*WHAT YOU WILL DO*
For this listing, reproduce the line with "8.5/10Excellent service and", the line with "笑话万篇是一款可以离线阅读两", and the lines between, exactly as they stand. Leave out pictures and all other lines.

>>>

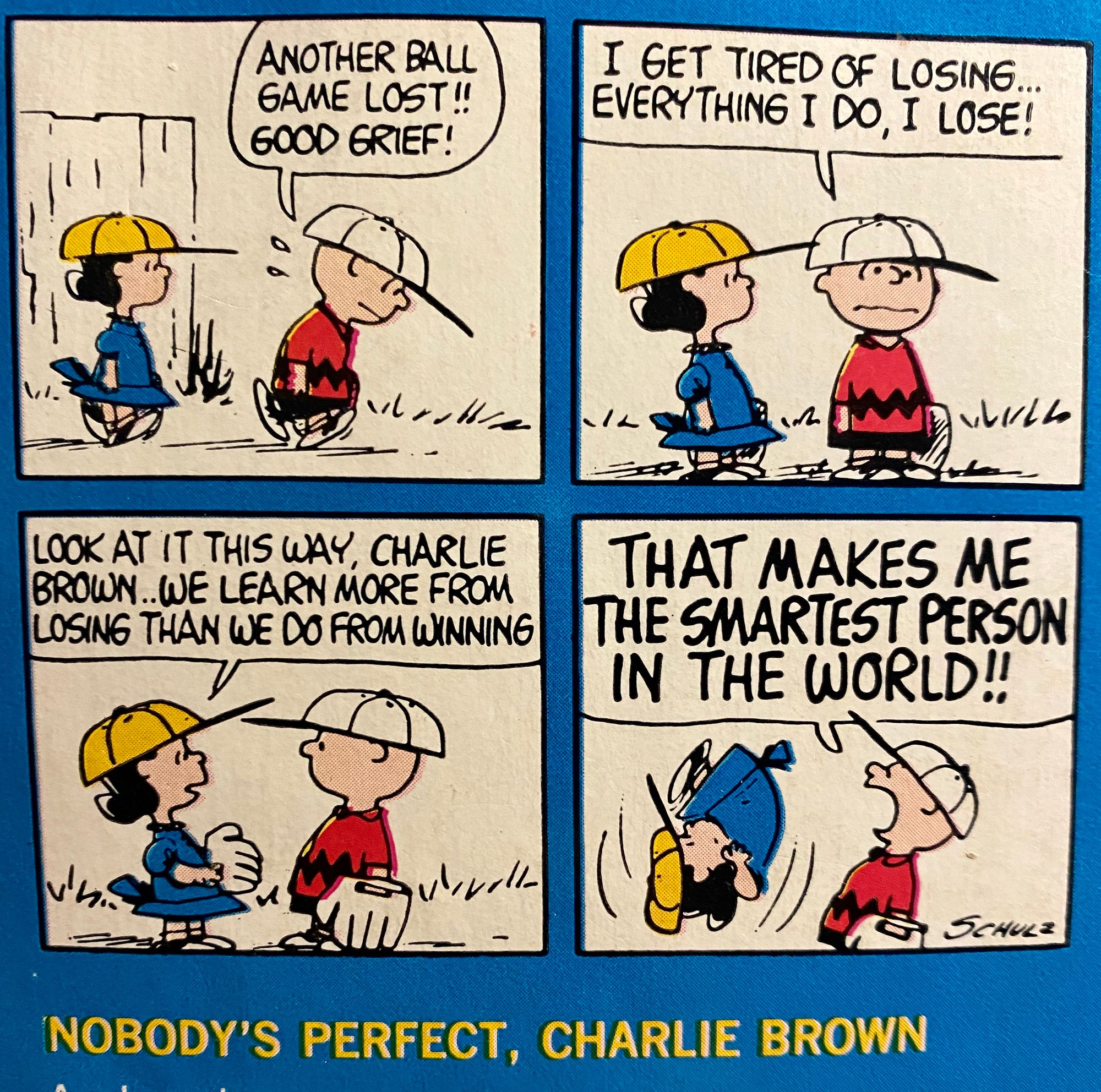 I came across an old comic book from my dad's bookcase. Nobody's Perfect, Charlie Brown Volume 1 comics written by Charles M. Schulz in 1969.
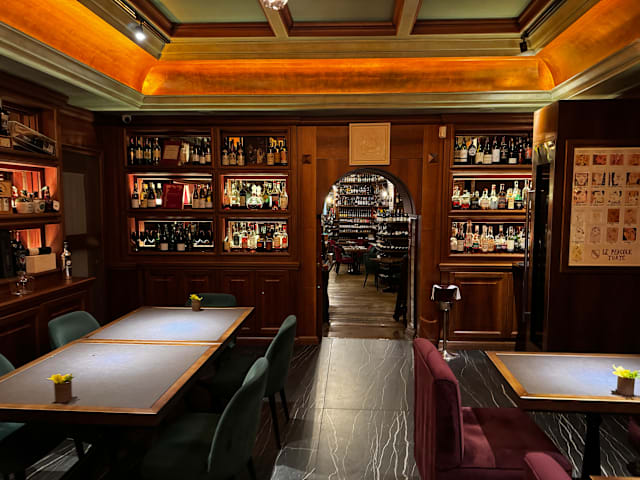 8.5/10Excellent service and impressive wine bottle selection on this restaurant walls which look so amazing
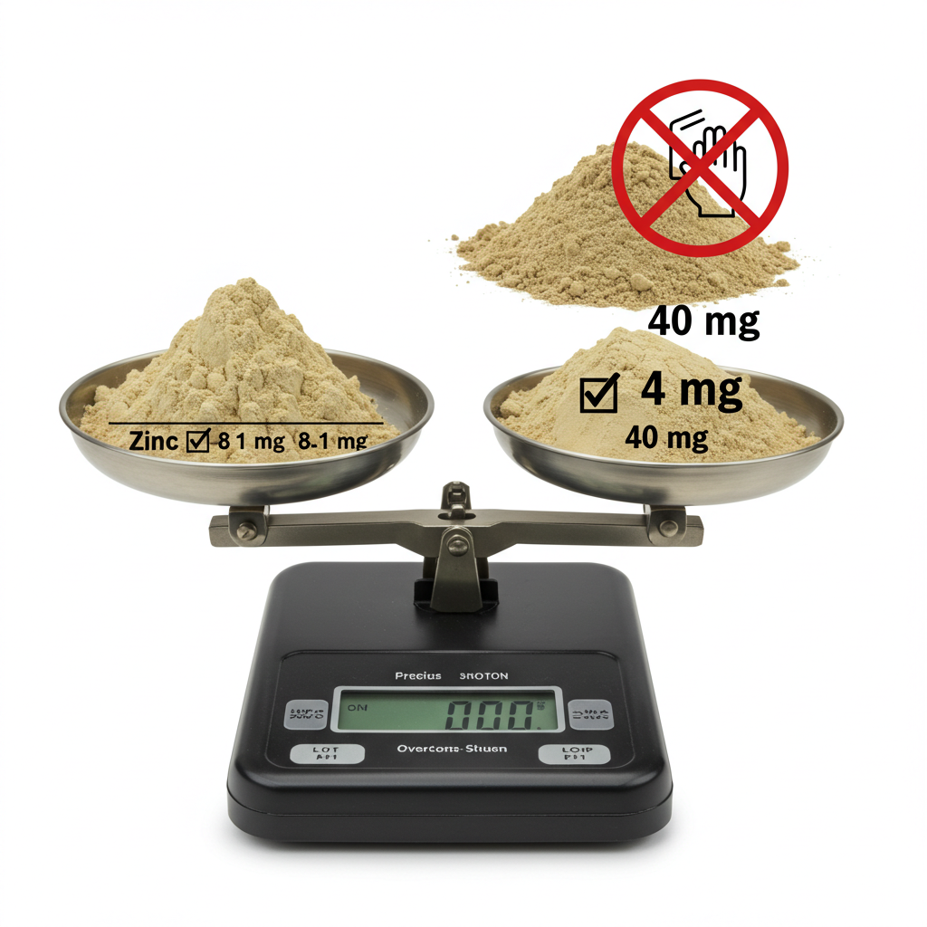 상한 섭취량(UL)은 40mg으로, 이를 초과해 장기간 복용하면 구리 결핍, 빈혈, 신경 이상 등의 부작용이 발생할 수 있습니다.
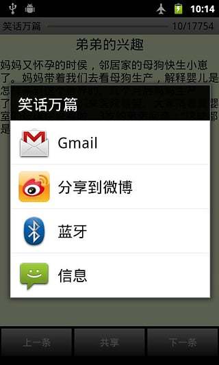 笑话万篇是一款可以离线阅读两万多篇笑说的手机应用,无需联网更新,自动定位到你上次看的地方,还可以分享在微博短信等地方哦。喜欢的朋友来下载试用吧
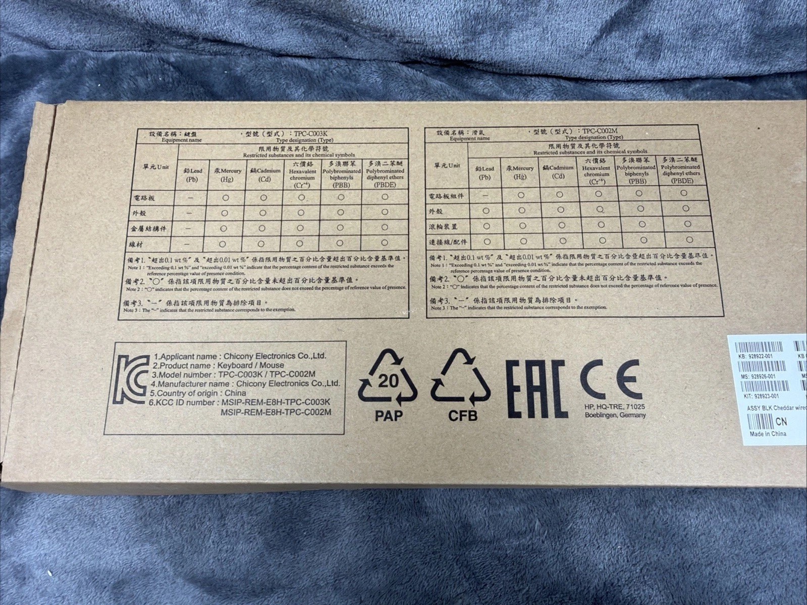 HP Black Keyboard And Mouse Kit USB Wired 928923-001 ASSY BLK Cheddar Wired USB
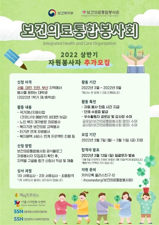 [보건의료통합봉사회] 2022년 보건의료통합봉사회 상반기 자원봉사자 모집 (22.03.11)
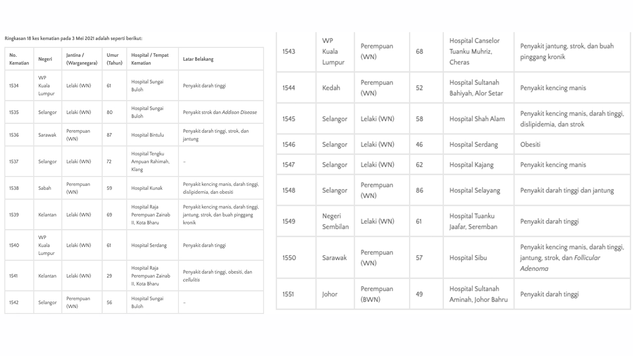 📌今天有18人死,分别来自吉隆坡(3)、雪兰莪(7)、砂拉越(2)、沙巴(1)、柔佛(1)、森州(1)、吉打(1)及丹州(2)。死者资料如下:
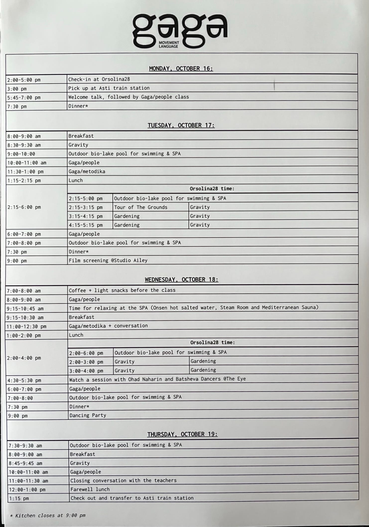 Orsolina28 is primarily a dance school, and our daily schedules reflected that. Of course, we weren’t ten-year-old children, and GagaEden is organized as a retreat, so really it was up to us what we did with our time. (However, since you’re there anyway, you might as well take as many Gaga classes as you can).

<<<

*COMPLETED TASK*
 8.5/10Excellent service and impressive wine bottle selection on this restaurant walls which look so amazing
 상한 섭취량(UL)은 40mg으로, 이를 초과해 장기간 복용하면 구리 결핍, 빈혈, 신경 이상 등의 부작용이 발생할 수 있습니다.
 笑话万篇是一款可以离线阅读两万多篇笑说的手机应用,无需联网更新,自动定位到你上次看的地方,还可以分享在微博短信等地方哦。喜欢的朋友来下载试用吧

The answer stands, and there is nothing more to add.